(Items listed in a dataset)
##########

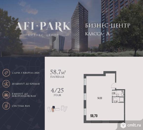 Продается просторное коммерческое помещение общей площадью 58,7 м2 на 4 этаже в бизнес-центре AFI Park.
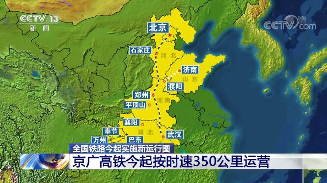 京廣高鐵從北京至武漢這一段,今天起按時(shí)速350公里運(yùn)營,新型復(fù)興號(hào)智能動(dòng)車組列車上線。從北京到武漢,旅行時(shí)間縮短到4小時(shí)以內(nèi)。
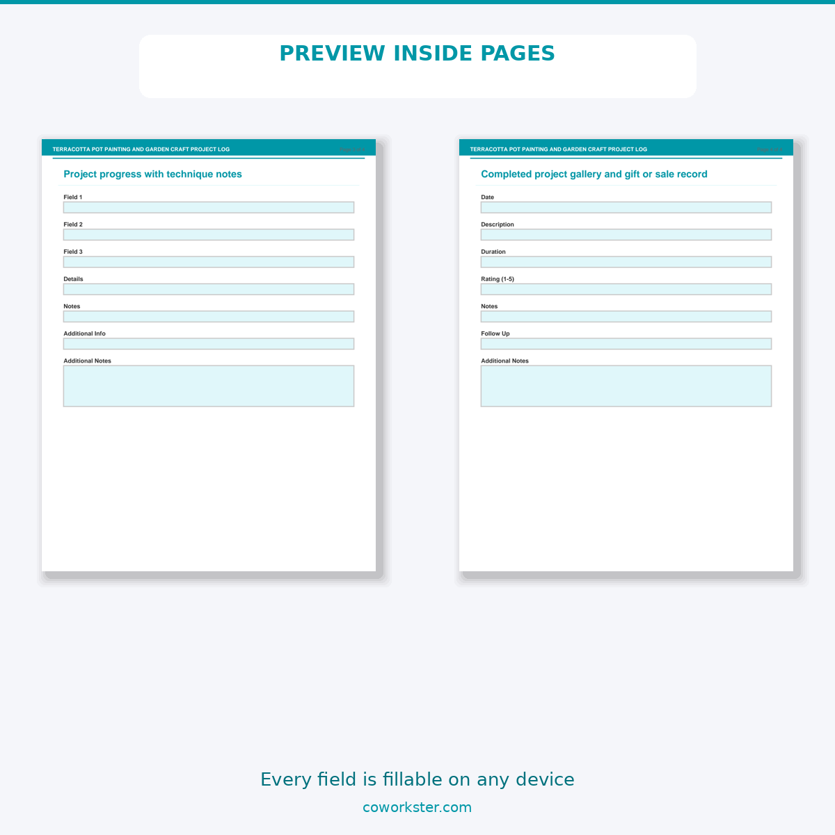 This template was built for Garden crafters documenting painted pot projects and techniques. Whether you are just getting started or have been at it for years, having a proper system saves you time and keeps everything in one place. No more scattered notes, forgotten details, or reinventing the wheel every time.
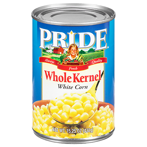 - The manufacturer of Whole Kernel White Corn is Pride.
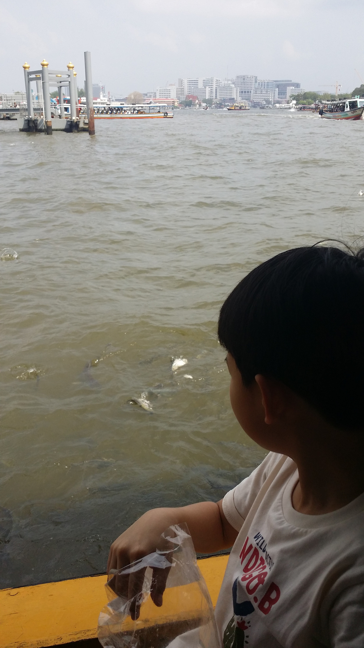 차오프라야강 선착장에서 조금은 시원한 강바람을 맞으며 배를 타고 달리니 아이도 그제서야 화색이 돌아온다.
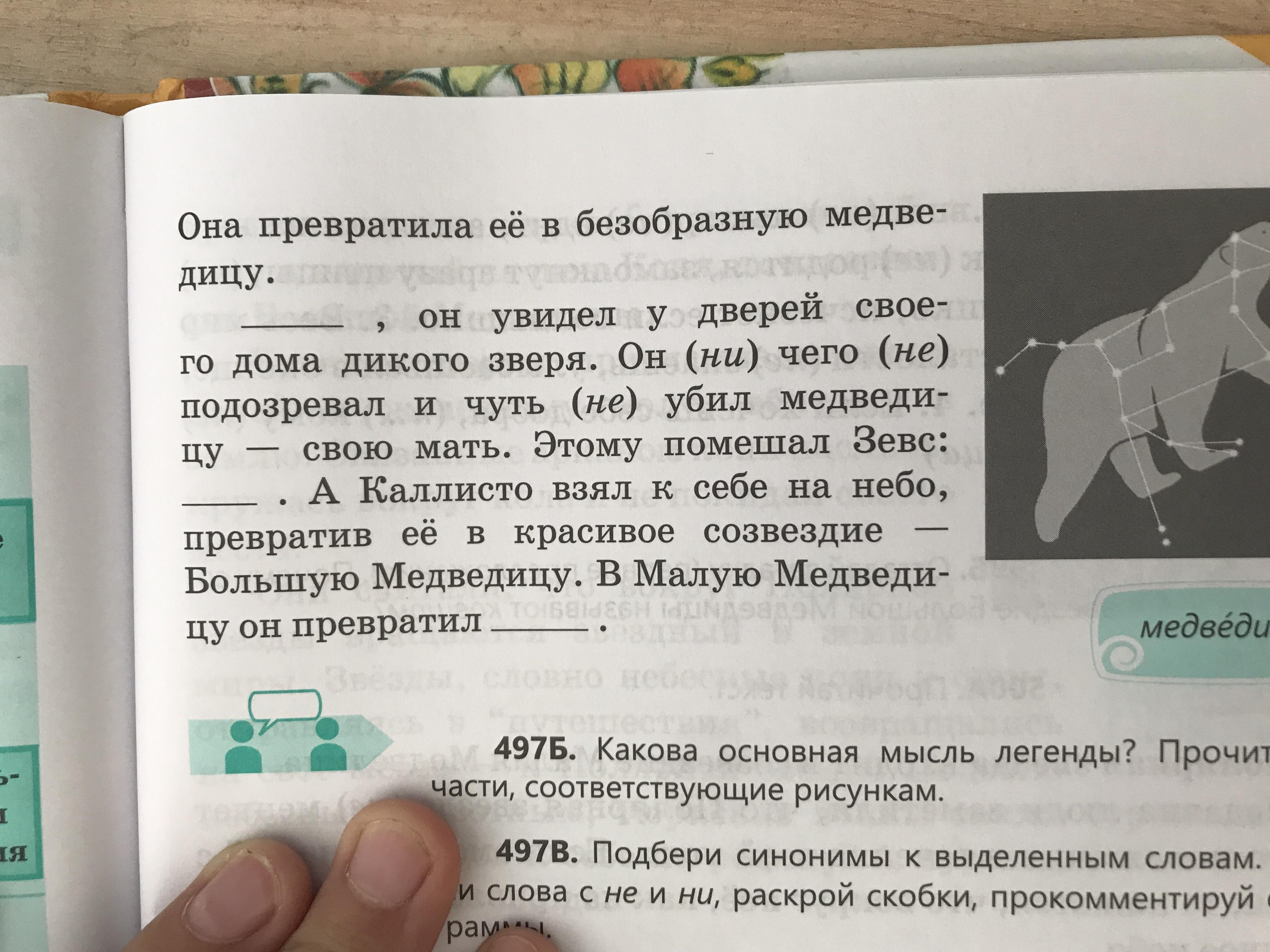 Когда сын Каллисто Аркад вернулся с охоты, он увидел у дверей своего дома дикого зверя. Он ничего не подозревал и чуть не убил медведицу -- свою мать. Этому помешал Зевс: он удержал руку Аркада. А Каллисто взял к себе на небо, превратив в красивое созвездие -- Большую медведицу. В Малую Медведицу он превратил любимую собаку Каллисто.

##########

§ **Description of the task**
The response should consist of the lines above from the first through the one containing "차오프라야강 선착장에서 조금은", transcribed exactly, with every picture left out.

§ **Task result**
 Продается просторное коммерческое помещение общей площадью 58,7 м2 на 4 этаже в бизнес-центре AFI Park.
 京廣高鐵從北京至武漢這一段,今天起按時(shí)速350公里運(yùn)營,新型復(fù)興號(hào)智能動(dòng)車組列車上線。從北京到武漢,旅行時(shí)間縮短到4小時(shí)以內(nèi)。
 This template was built for Garden crafters documenting painted pot projects and techniques. Whether you are just getting started or have been at it for years, having a proper system saves you time and keeps everything in one place. No more scattered notes, forgotten details, or reinventing the wheel every time.
 - The manufacturer of Whole Kernel White Corn is Pride.
 차오프라야강 선착장에서 조금은 시원한 강바람을 맞으며 배를 타고 달리니 아이도 그제서야 화색이 돌아온다.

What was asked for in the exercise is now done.